Activity – Make an exact copy, from the records below, of the lines from the line containing "由中国电子学会通信学分会、中" to the line containing "Al cierre de", both lines included, excluding pictures.

Provided data –
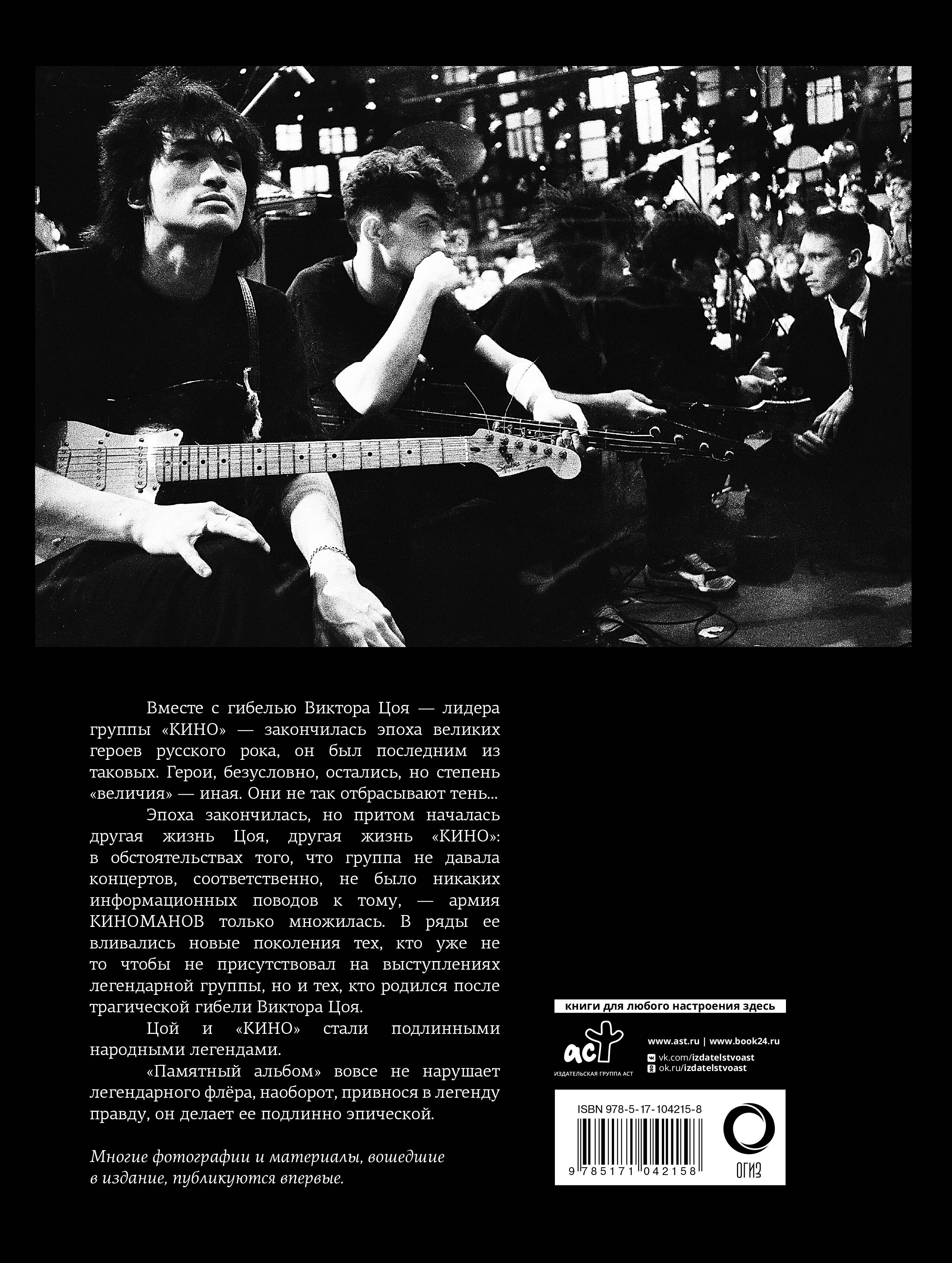 Вместе с гибелью Виктора Цоя - лидера группы "КИНО" - закончилась эпоха великих героев русского рока, он был последним из таковых. Герои, безусловно, остались, но степень "величия" - иная. Они не так отбрасывают тень... Эпоха закончилась, но притом началась другая жизнь Цоя, другая жизнь "КИНО": в обстоятельствах того, что группа не давала концертов, соответственно не было никаких информационных поводов к тому - армия КИНОМАНОВ только множилась. В ряды ее вливались новые поколения тех, кто уже не то чтобы не присутствовал на выступлениях легендарной группы, но и тех, кто родился после трагической гибели Виктора Цоя. Цой и "КИНО" стали подлинными народными легендами. "Памятный альбом" вовсе не нарушает легендарного флёра, наоборот, привнося в легенду правду, он делает ее подлинно эпической. Многие фотографии и материалы, вошедшие в издание, публикуются впервые.| Издательство | ИЗДАТЕЛЬСТВО "АСТ" |
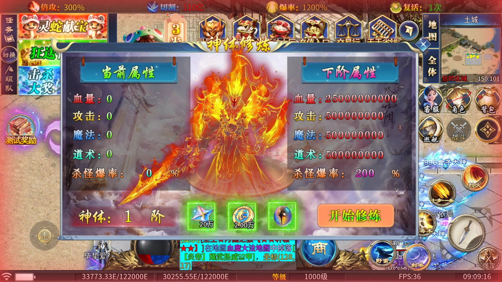 2、神体修炼:消耗追梦币、直购币与妖兽魔核即可完成升阶,不仅能大幅提升属性,还可增加杀怪爆率!
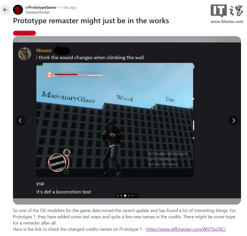 Reddit 论坛的网友表示,游戏数据的一位 Mod 开发者对更新进行了挖掘,发现了很多有趣的东西。《虐杀原形》添加了一些测试地图,并且在鸣谢名单中增加了一些新名字。看来,remaster(复刻版)终究还是有可能的。
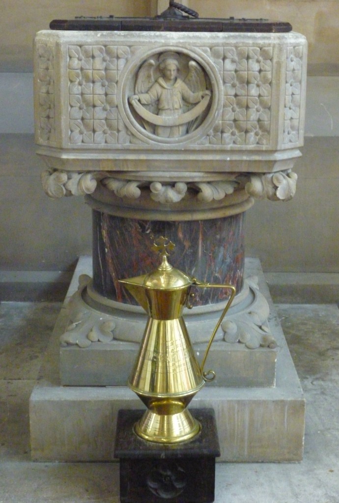 A person is baptised with water into full membership of Christ’s body, the Church, in the name of the Father, Son and Holy Spirit. Our large stone font, by the French sculptor Jacquet, is richly carved with the symbols of the 4 Evangelists and stands on an early French style column.
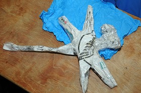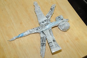 新聞紙で作ったトンボができ上がってきました。
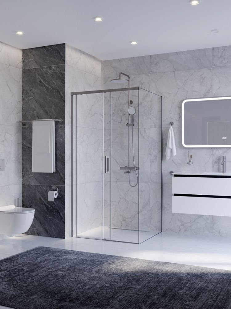PLANE-AH-1-100/80-C-IN Душевой уголок без поддона в размере 100x80. Прозрачное стекло толщиной 6мм. Цвет профиля сатин
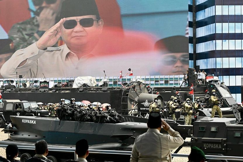 Dari mimbar kehormatan, Presiden Prabowo menyaksikan atraksi para prajurit. Kepala Negara tampak serius memperhatikan setiap manuver dan gerakan yang ditampilkan pasukan. Suasana Monas berubah menjadi panggung kolosal yang memadukan kekuatan darat, laut, dan udara.
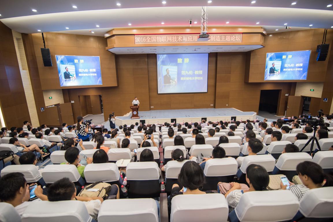 由中国电子学会通信学分会、中国通信学会物联网委员会联合主办,西安邮电大学与江苏省物联网技术与应用协同创新中心联合承办的"2016年全国物联网技术与应用·智能制造主题论坛"于8月5日在西安邮电大学长安校区逸夫报告厅隆重召开。西安邮电大学副校长蒋林教授主持大会,中国电子学会副理事长、中国科学院院士陆建华教授致开幕辞,西安邮电大学校长范九伦教授致欢迎辞。南京邮电大学原副校长、江苏省物联网技术与应用协同创新中心主任、中国电子学会通信学分会主任委员和中国通信学会物联网委员会主任委员朱洪波教授、中国电子学会通信学分会和中国通信学会物联网委员会部分委员、来自全国各界的业内专家学者以及相关领域代表400余人出席了论坛。
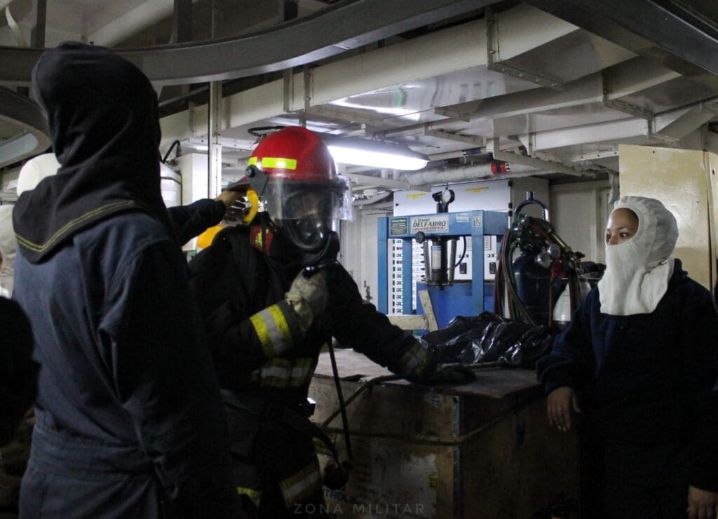 Al cierre de este primer reporte a bordo del Almirante Irízar también pudimos presenciar otros ejercicios, como la prueba de alarmas, luces, sistema de burbujeo, prueba de sistema de lucha contra incendio (espuma) y clase de rol de cubierta de vuelos y black out (apagado de toda la electricidad y encendido).
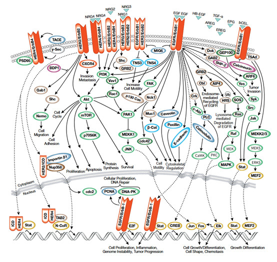| Monoclonal Antibodies | Trastuzumab, Pertuzumab | Block ErbB2 dimerization and signaling. |
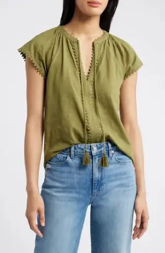 Pompom-inspired trim and tassel laces lend boho touches to a wardrobe-essential top cut from fresh cotton and framed by raglan sleeves. 24" length (size 8) Split neck with ties True to size
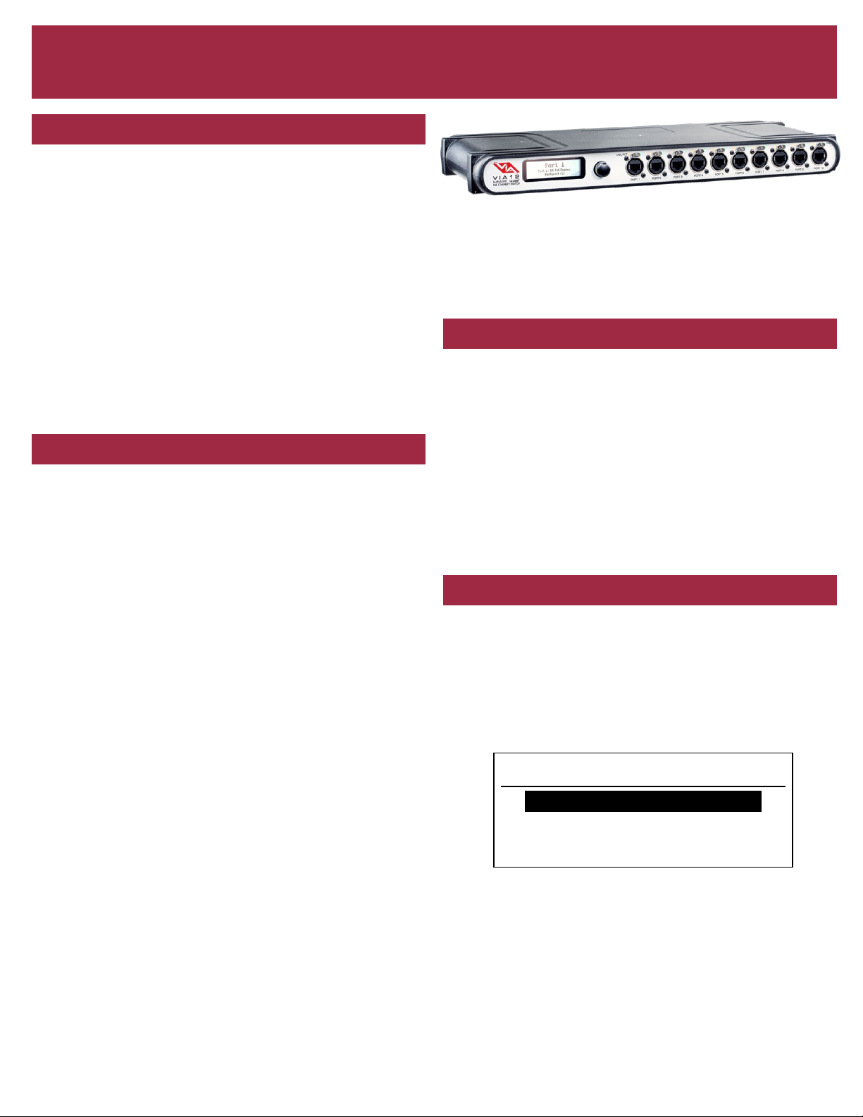 VIA Ethernet Switches are intended specically for signal routing
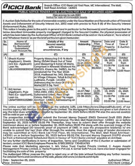 House No. L-10/172/1, Khasra No. 1552.1553, 1551, Situated at Sultanwind Urban, Ram Singh Colony, Gali No. 1, Near Tej nogar, Amritsar 143001 Admeasuring an area 55 Sq yard.
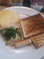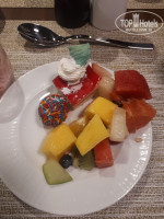 На завтрак :каша, омлет,сосиски, выпечка, фрукты (арбуз,виноград,клубника, ананас,папайа,яблоко, апельсин,грепфрукт), салаты,мясо, овощи,яйца,соки 4 вида, кофе с кофе машины, р.s Писали ,что прячут и не показывают оладьи. Они жарят все при посетителях. И предлагают всегда, правда на английском языке)) Если попросишь оладьи или яичницу, все сразу же приготовят.

Result –
 由中国电子学会通信学分会、中国通信学会物联网委员会联合主办,西安邮电大学与江苏省物联网技术与应用协同创新中心联合承办的"2016年全国物联网技术与应用·智能制造主题论坛"于8月5日在西安邮电大学长安校区逸夫报告厅隆重召开。西安邮电大学副校长蒋林教授主持大会,中国电子学会副理事长、中国科学院院士陆建华教授致开幕辞,西安邮电大学校长范九伦教授致欢迎辞。南京邮电大学原副校长、江苏省物联网技术与应用协同创新中心主任、中国电子学会通信学分会主任委员和中国通信学会物联网委员会主任委员朱洪波教授、中国电子学会通信学分会和中国通信学会物联网委员会部分委员、来自全国各界的业内专家学者以及相关领域代表400余人出席了论坛。
 Al cierre de este primer reporte a bordo del Almirante Irízar también pudimos presenciar otros ejercicios, como la prueba de alarmas, luces, sistema de burbujeo, prueba de sistema de lucha contra incendio (espuma) y clase de rol de cubierta de vuelos y black out (apagado de toda la electricidad y encendido).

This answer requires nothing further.